::: Provided data
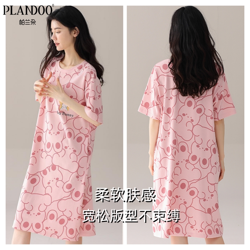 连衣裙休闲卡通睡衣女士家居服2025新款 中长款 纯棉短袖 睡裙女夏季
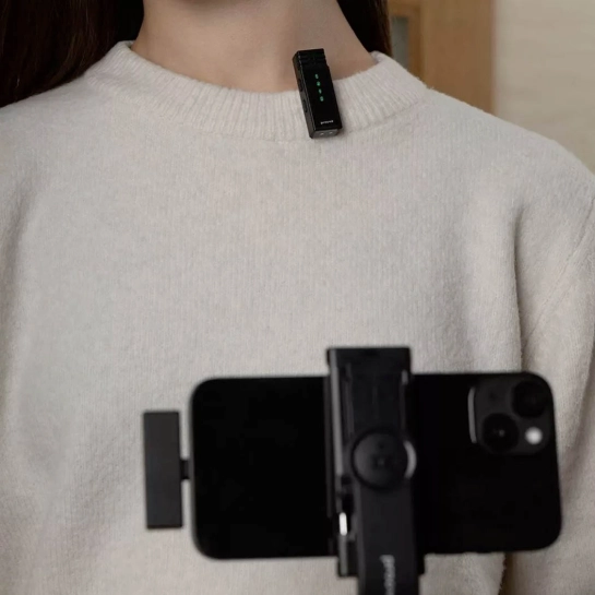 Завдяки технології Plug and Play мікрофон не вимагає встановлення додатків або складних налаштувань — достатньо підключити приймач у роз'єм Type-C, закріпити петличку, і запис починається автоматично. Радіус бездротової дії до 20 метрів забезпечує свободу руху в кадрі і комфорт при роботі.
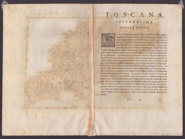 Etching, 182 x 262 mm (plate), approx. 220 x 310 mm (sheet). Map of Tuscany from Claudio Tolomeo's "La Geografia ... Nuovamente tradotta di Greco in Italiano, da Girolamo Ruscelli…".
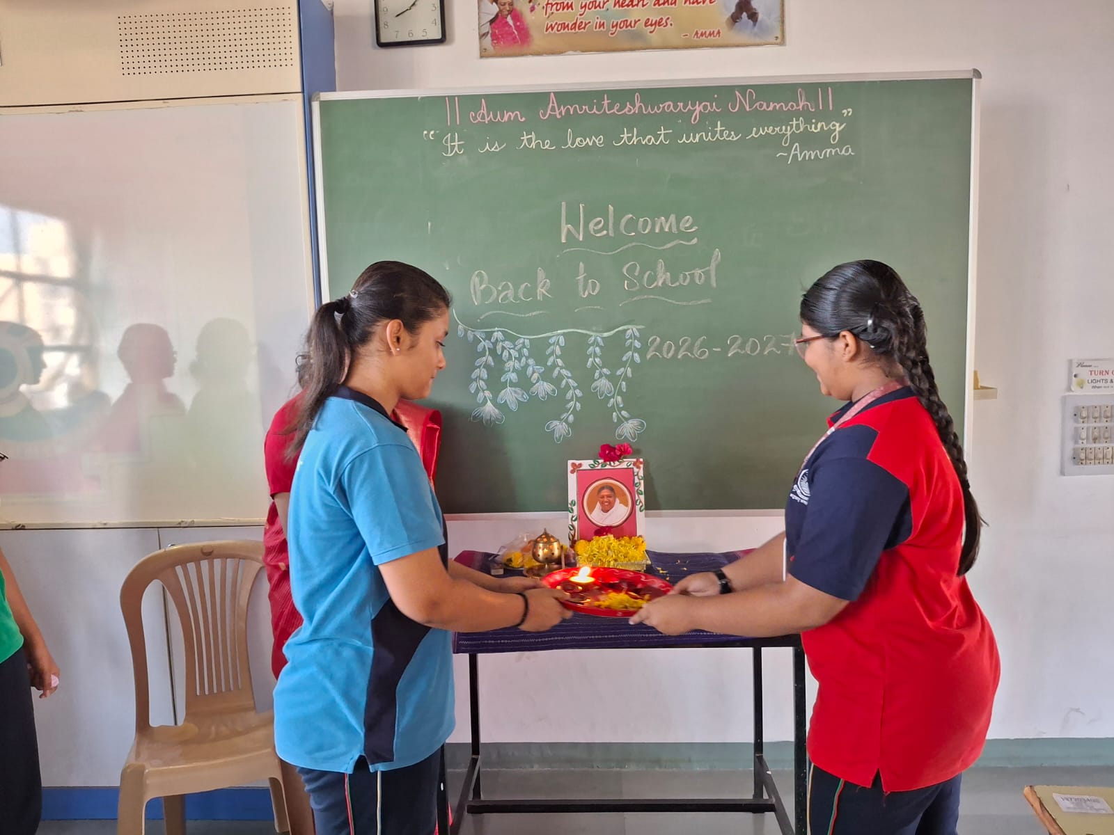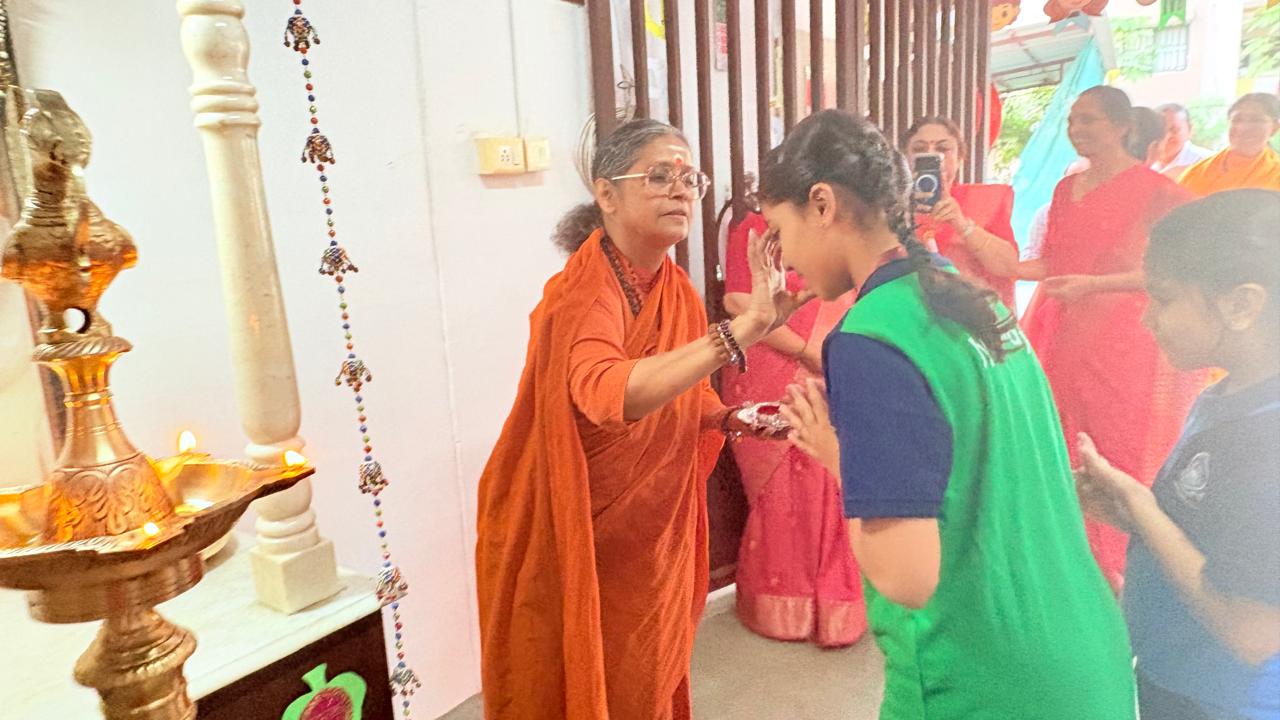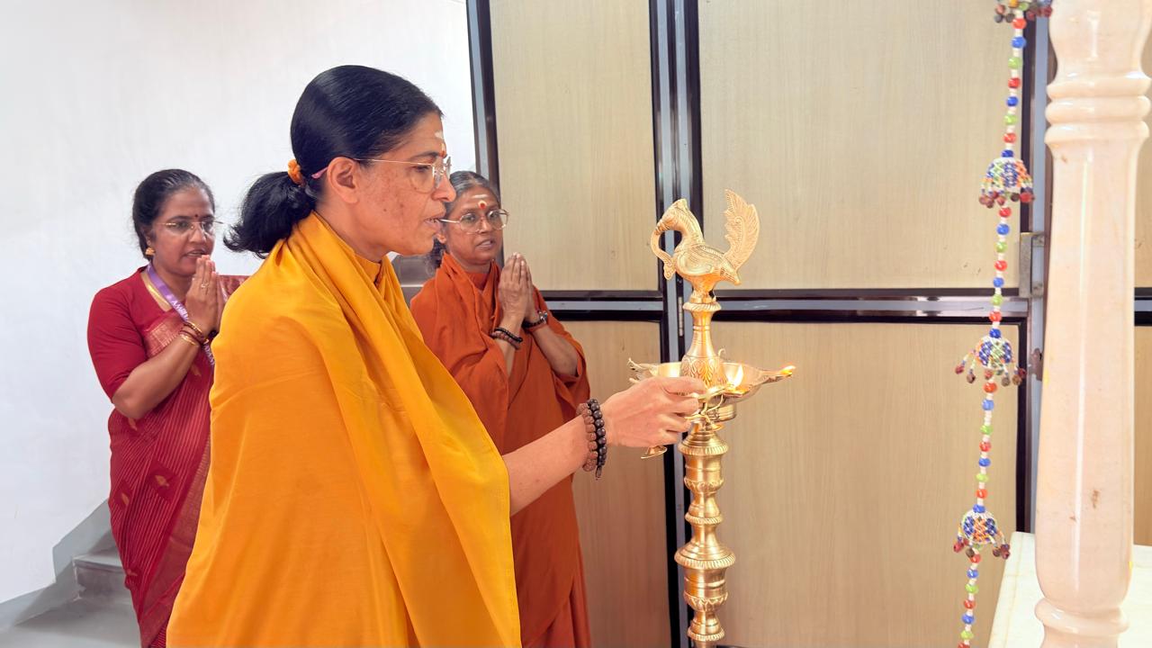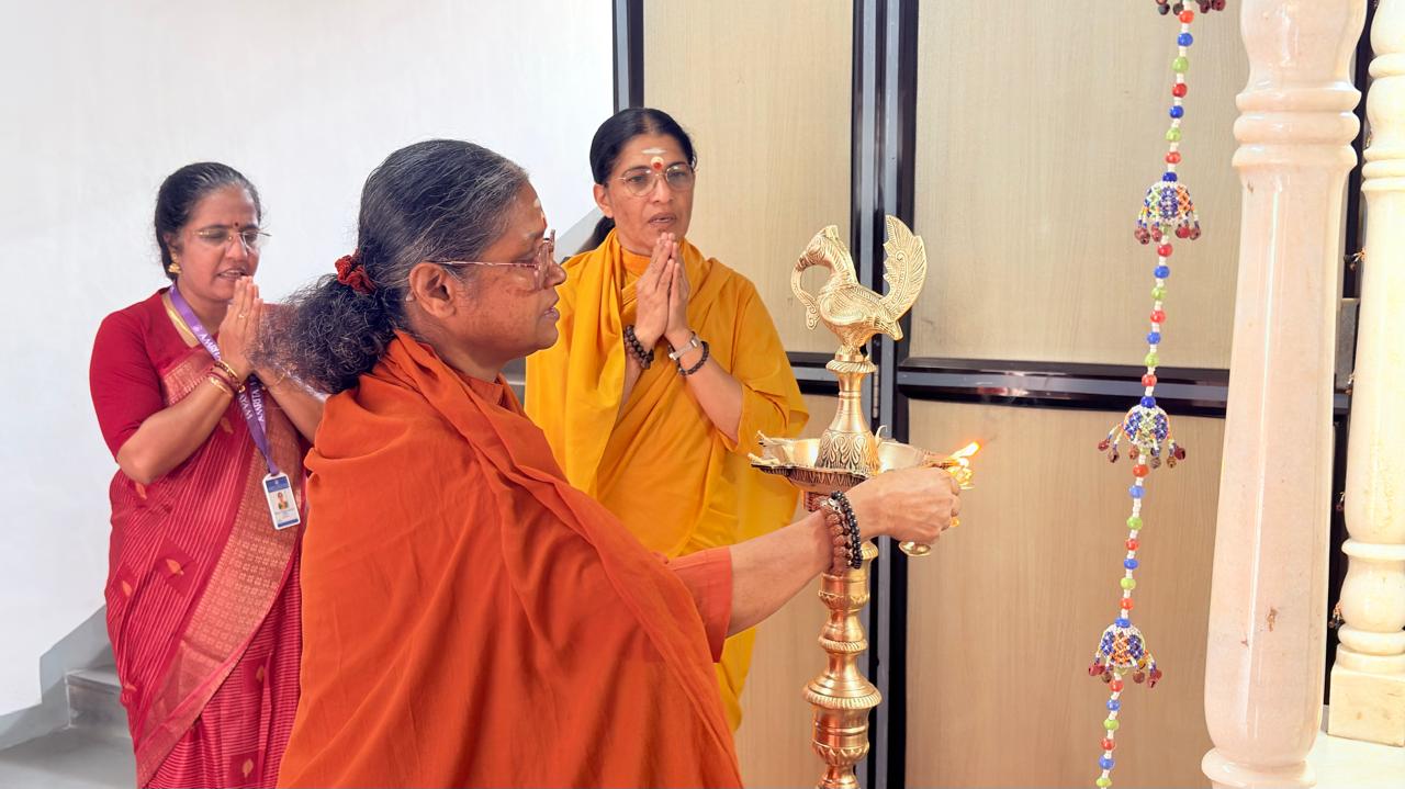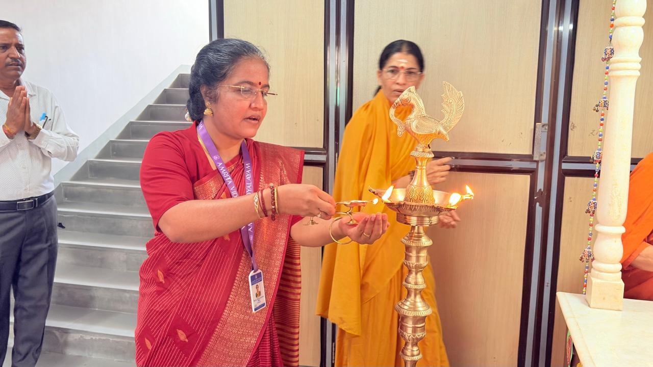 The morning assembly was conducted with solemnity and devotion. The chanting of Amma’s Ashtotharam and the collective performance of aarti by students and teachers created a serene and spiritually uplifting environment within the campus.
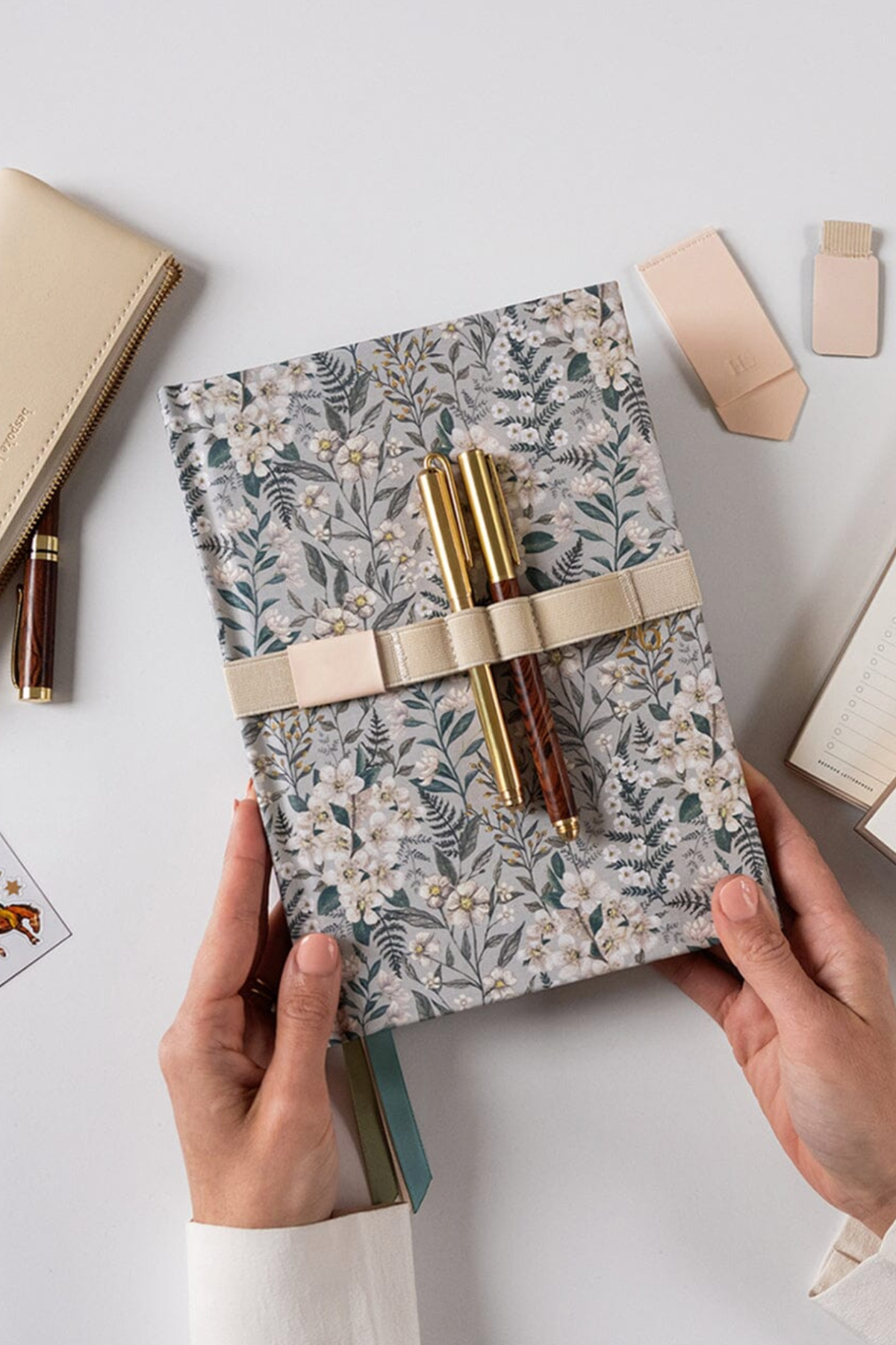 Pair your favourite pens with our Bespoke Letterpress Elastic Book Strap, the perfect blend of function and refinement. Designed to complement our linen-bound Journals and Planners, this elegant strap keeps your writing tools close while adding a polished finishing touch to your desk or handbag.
::::::
All entries above must be duplicated exactly; please omit any picture they hold.

* _Your solution_:
 连衣裙休闲卡通睡衣女士家居服2025新款 中长款 纯棉短袖 睡裙女夏季
 Завдяки технології Plug and Play мікрофон не вимагає встановлення додатків або складних налаштувань — достатньо підключити приймач у роз'єм Type-C, закріпити петличку, і запис починається автоматично. Радіус бездротової дії до 20 метрів забезпечує свободу руху в кадрі і комфорт при роботі.
 Etching, 182 x 262 mm (plate), approx. 220 x 310 mm (sheet). Map of Tuscany from Claudio Tolomeo's "La Geografia ... Nuovamente tradotta di Greco in Italiano, da Girolamo Ruscelli…".
 The morning assembly was conducted with solemnity and devotion. The chanting of Amma’s Ashtotharam and the collective performance of aarti by students and teachers created a serene and spiritually uplifting environment within the campus.
 Pair your favourite pens with our Bespoke Letterpress Elastic Book Strap, the perfect blend of function and refinement. Designed to complement our linen-bound Journals and Planners, this elegant strap keeps your writing tools close while adding a polished finishing touch to your desk or handbag.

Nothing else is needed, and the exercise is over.